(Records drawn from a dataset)
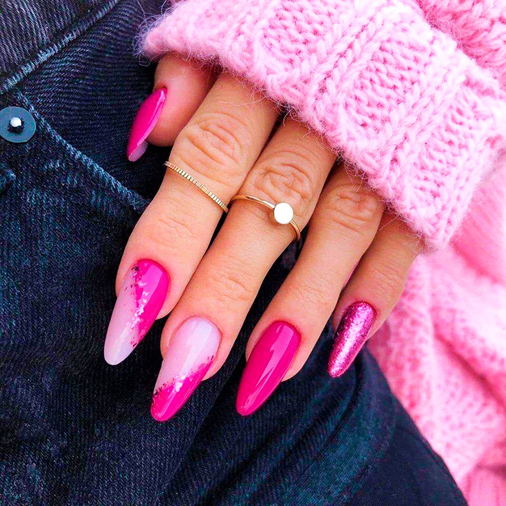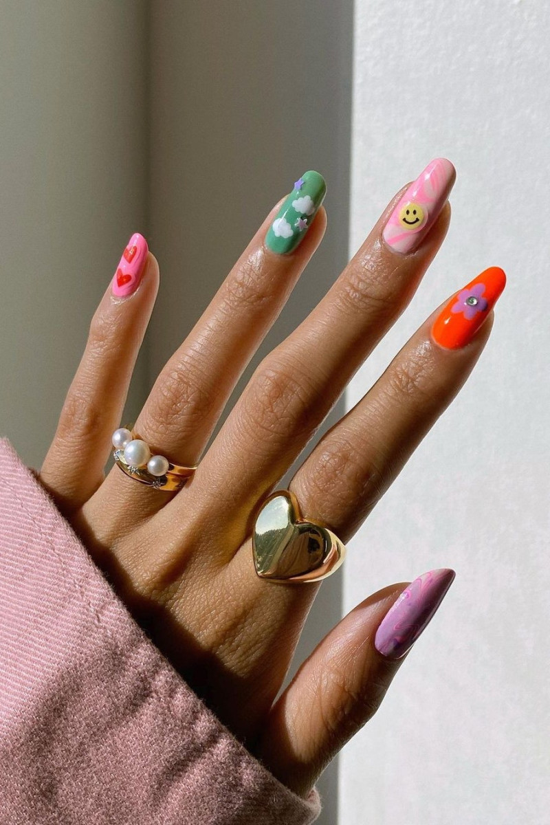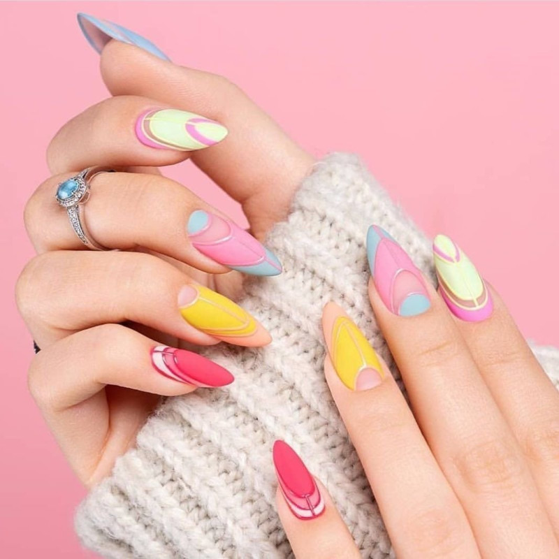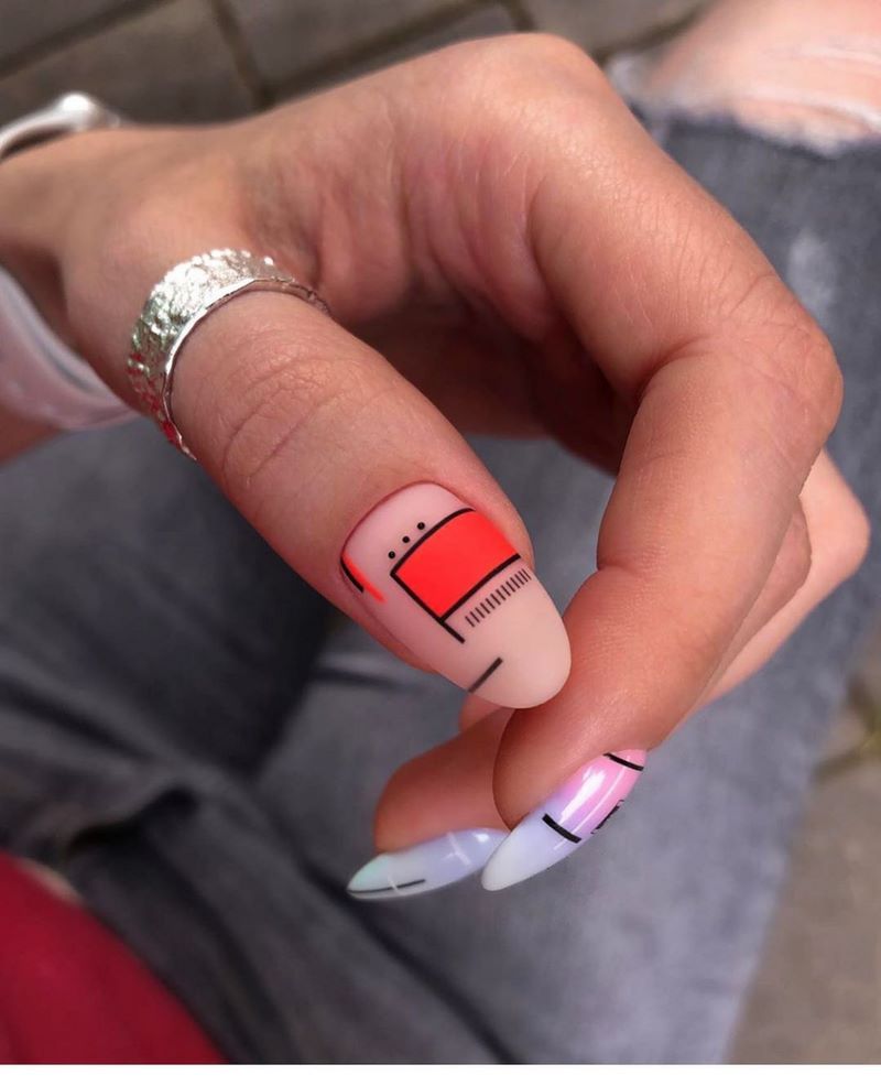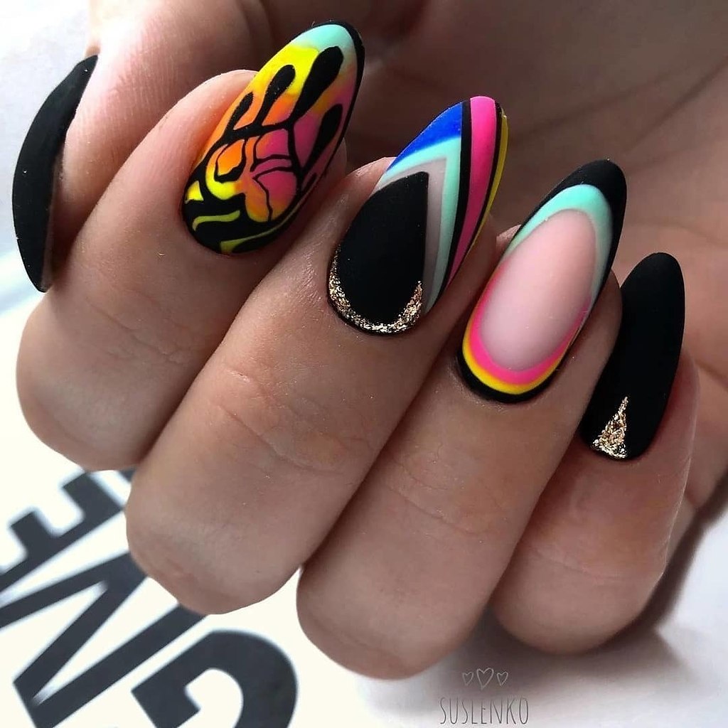 Для создания такого маникюра часто используют разные цвета на одном ногте. Просто добавьте узор или другой элемент. Примером могут служить французские ногти разных оттенков, покрытые разными лаками.
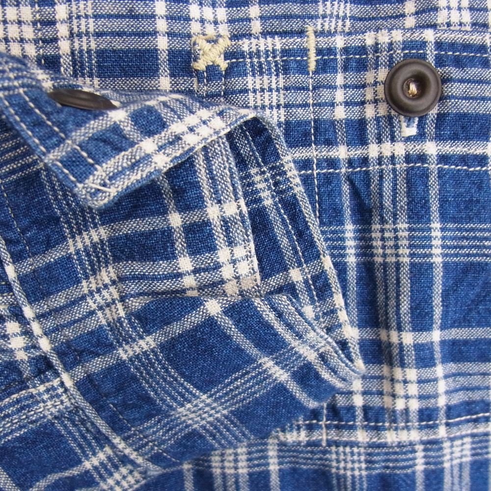 FREEWHEELERS フリーホイーラーズ The UNION SPECIAL OVERALLS ユニオンスペシャルオーバーオールズ 長袖 チェック シャツ マチ付 ネイビー系 14【中古】
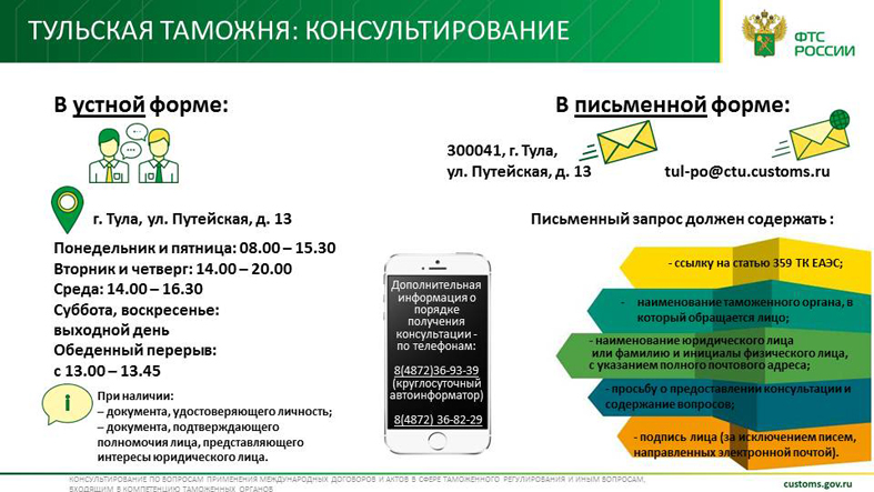 Напоминаем, что правовой отдел Татарстанской таможни ведет консультирование по таможенным вопросам всех заинтересованных лиц. Консультации проходят в ежедневном режиме и на бесплатной основе. Время консультирования можно уточнить по автоинформатору: (843) 291 92 00.
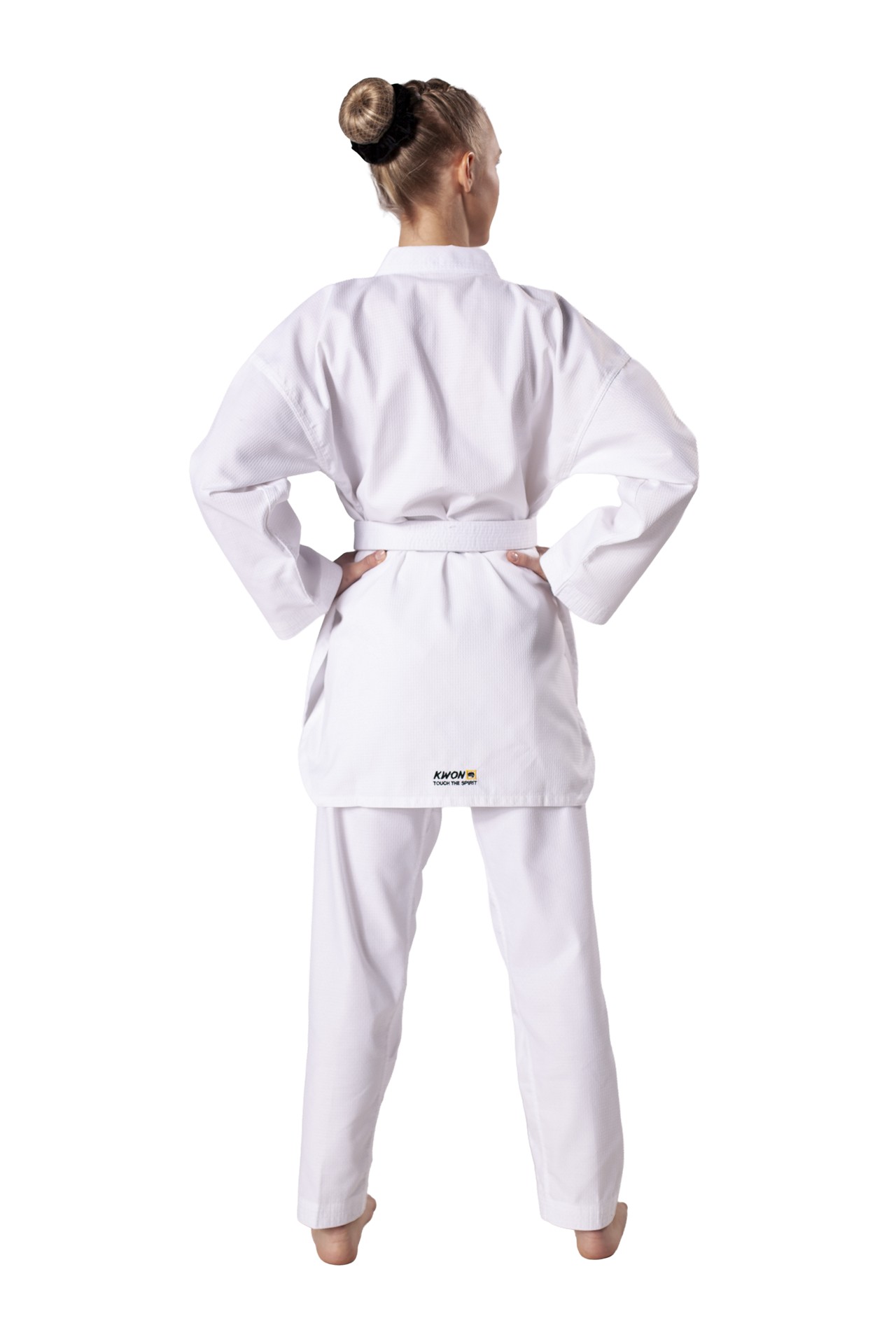 Eingewebte KWON Logos auf Brust oder linkem Arm und linkem Bein. Sämtliche Anzüge der Starfighter Serie sind erkennbar am schwarz / weißen " Competition approved " Brustlogo.
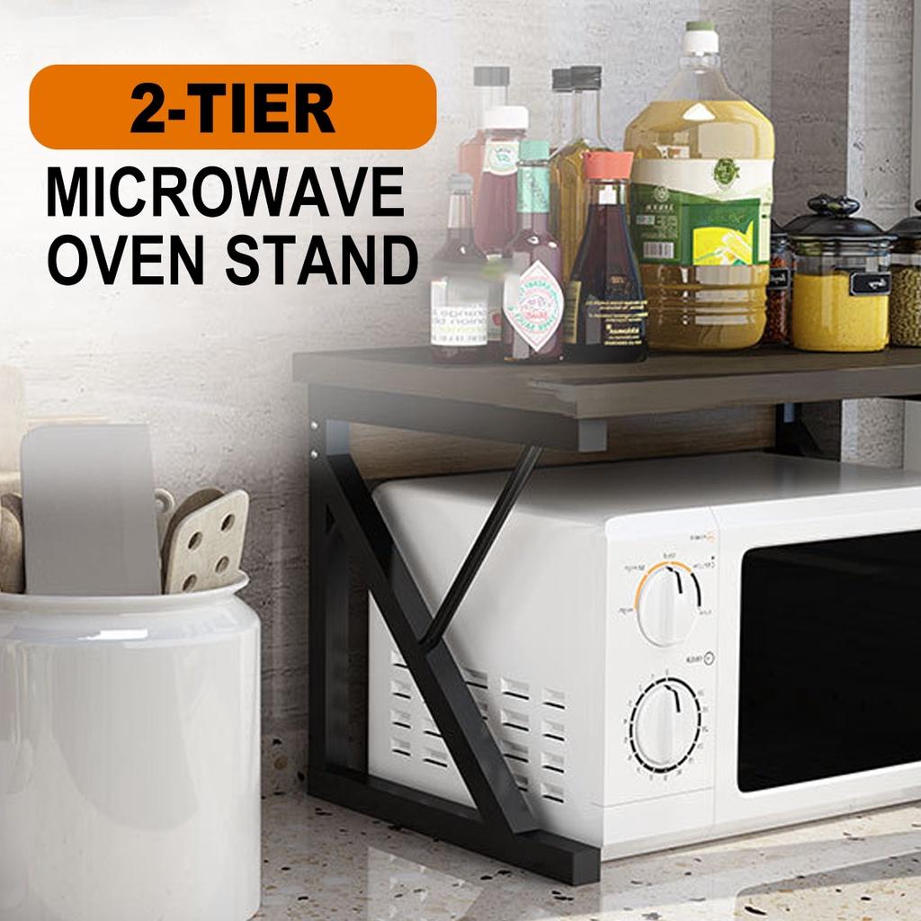 2 szintes mikrohullámú sütő állvány fa tároló polc Z alakú helytakarékos konyhai konzol szekrény rendszerező fém + fa 21,25x13,77x14,17in
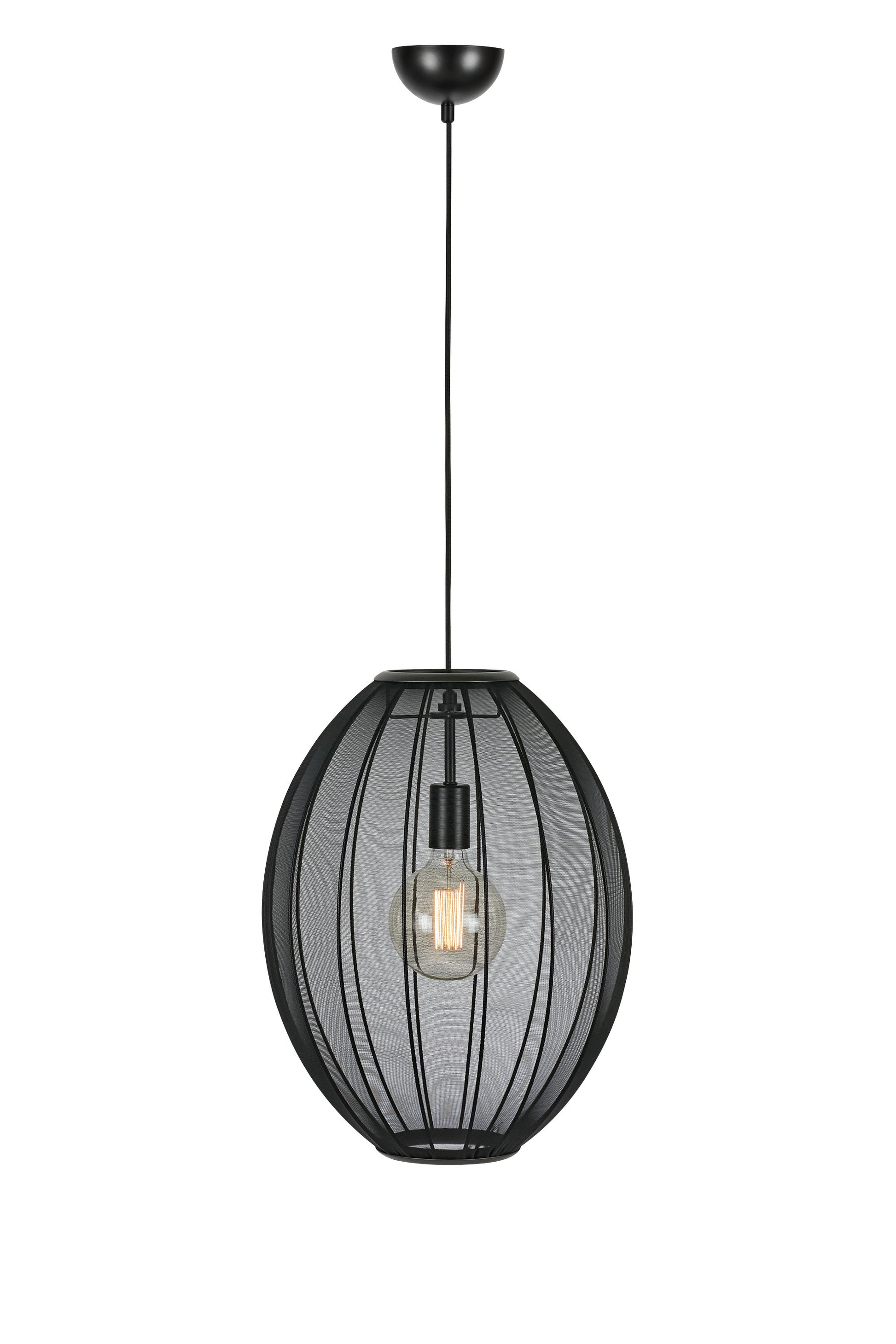 Lampada da soffitto ovale con paralume in tessuto nero che lascia passare una piacevole luce generale. La lampada ha un diametro di 40 cm e un'altezza totale di 50 cm. Si adatta bene al soggiorno o alla camera da letto, preferibilmente raggruppati in diverse forme.

▶ **AIM OF THE EXERCISE**
Word-for-word repeat, images excluded: return all the data.

▶ **EXERCISE RESULT**
 Для создания такого маникюра часто используют разные цвета на одном ногте. Просто добавьте узор или другой элемент. Примером могут служить французские ногти разных оттенков, покрытые разными лаками.
 FREEWHEELERS フリーホイーラーズ The UNION SPECIAL OVERALLS ユニオンスペシャルオーバーオールズ 長袖 チェック シャツ マチ付 ネイビー系 14【中古】
 Напоминаем, что правовой отдел Татарстанской таможни ведет консультирование по таможенным вопросам всех заинтересованных лиц. Консультации проходят в ежедневном режиме и на бесплатной основе. Время консультирования можно уточнить по автоинформатору: (843) 291 92 00.
 Eingewebte KWON Logos auf Brust oder linkem Arm und linkem Bein. Sämtliche Anzüge der Starfighter Serie sind erkennbar am schwarz / weißen " Competition approved " Brustlogo.
 2 szintes mikrohullámú sütő állvány fa tároló polc Z alakú helytakarékos konyhai konzol szekrény rendszerező fém + fa 21,25x13,77x14,17in
 Lampada da soffitto ovale con paralume in tessuto nero che lascia passare una piacevole luce generale. La lampada ha un diametro di 40 cm e un'altezza totale di 50 cm. Si adatta bene al soggiorno o alla camera da letto, preferibilmente raggruppati in diverse forme.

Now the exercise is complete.